## COLLECTED MATERIAL
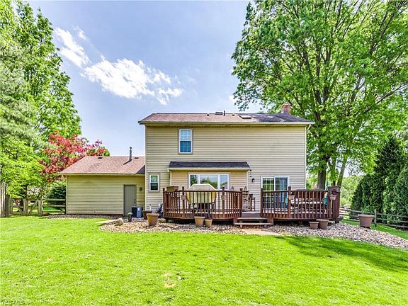 Wonderful home with nice curb appeal in great neighborhood in the Jackson School District. Convenient to both Akron and Canton, and also the schools. Inviting front porch. Family room with fireplace, lovely kitchen with oak cabinets, stainless appliances, abundance of counter space, pantry, and center island. Off the kitchen is the deck overlooking beautiful fenced in yard with paver sidewalk. Formal dining room with crown molding. Master bedroom on the second floor with private bathroom featuring walk-in closet, tub/shower, and make-up area. Two other bedrooms and full bath on the second floor. Bsmt. has two finished rooms (carpeted with trac lighting). Storage in bsmt./laundry area is carpeted with built in shelves, water softener, reverse osmosis system. Glass block windows. Windows and slider with aluminum wrapped exterior trim replaced in 2005. Central air 2002, and 90% efficient furnace 2004, 50 gallon hot water heater 2014. This home is a must see, and is in very nice condition. Home Warranty.
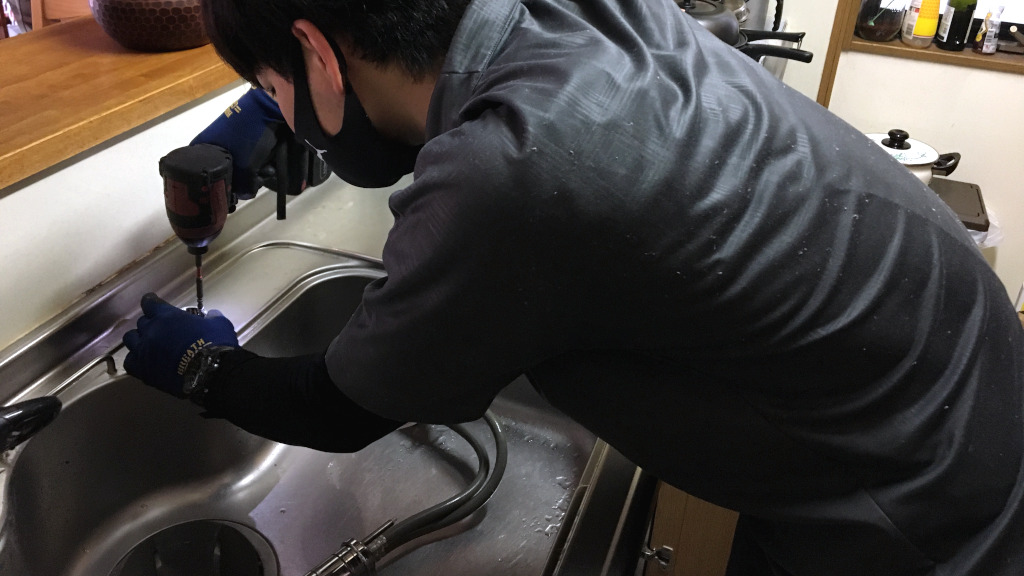 リフォーム現場 高槻市 キッチン水栓取替工事中
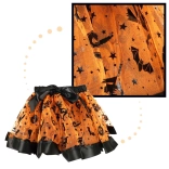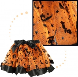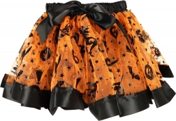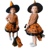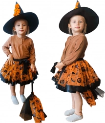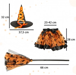 Questo costume da strega in 3 pezzi trasforma ogni bambino in una piccola maga. La leggera gonna tutu con vita elastica è comoda per un uso prolungato, il cappello a punta alto dona un tocco magico al look e la scopa completa perfettamente il personaggio. L'arancione con motivi neri di pipistrelli, zucche e stelle è vivace e fotogenico.
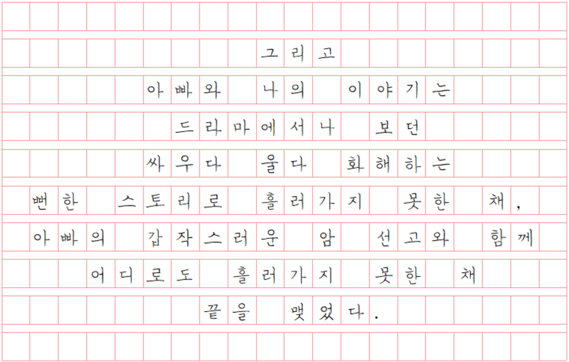 물론 가난만이 그를 미워한 이유는 아니었지만 나는 아빠와 자주 싸웠고, 멀어졌고, 성인이 된 후로는 인연을 끊고 살았다.

## REQUIRED WORK
Produce a word-for-word version of the material, with no pictures included.

## REPLY TO THE TASK
 Wonderful home with nice curb appeal in great neighborhood in the Jackson School District. Convenient to both Akron and Canton, and also the schools. Inviting front porch. Family room with fireplace, lovely kitchen with oak cabinets, stainless appliances, abundance of counter space, pantry, and center island. Off the kitchen is the deck overlooking beautiful fenced in yard with paver sidewalk. Formal dining room with crown molding. Master bedroom on the second floor with private bathroom featuring walk-in closet, tub/shower, and make-up area. Two other bedrooms and full bath on the second floor. Bsmt. has two finished rooms (carpeted with trac lighting). Storage in bsmt./laundry area is carpeted with built in shelves, water softener, reverse osmosis system. Glass block windows. Windows and slider with aluminum wrapped exterior trim replaced in 2005. Central air 2002, and 90% efficient furnace 2004, 50 gallon hot water heater 2014. This home is a must see, and is in very nice condition. Home Warranty.
 リフォーム現場 高槻市 キッチン水栓取替工事中
 Questo costume da strega in 3 pezzi trasforma ogni bambino in una piccola maga. La leggera gonna tutu con vita elastica è comoda per un uso prolungato, il cappello a punta alto dona un tocco magico al look e la scopa completa perfettamente il personaggio. L'arancione con motivi neri di pipistrelli, zucche e stelle è vivace e fotogenico.
 물론 가난만이 그를 미워한 이유는 아니었지만 나는 아빠와 자주 싸웠고, 멀어졌고, 성인이 된 후로는 인연을 끊고 살았다.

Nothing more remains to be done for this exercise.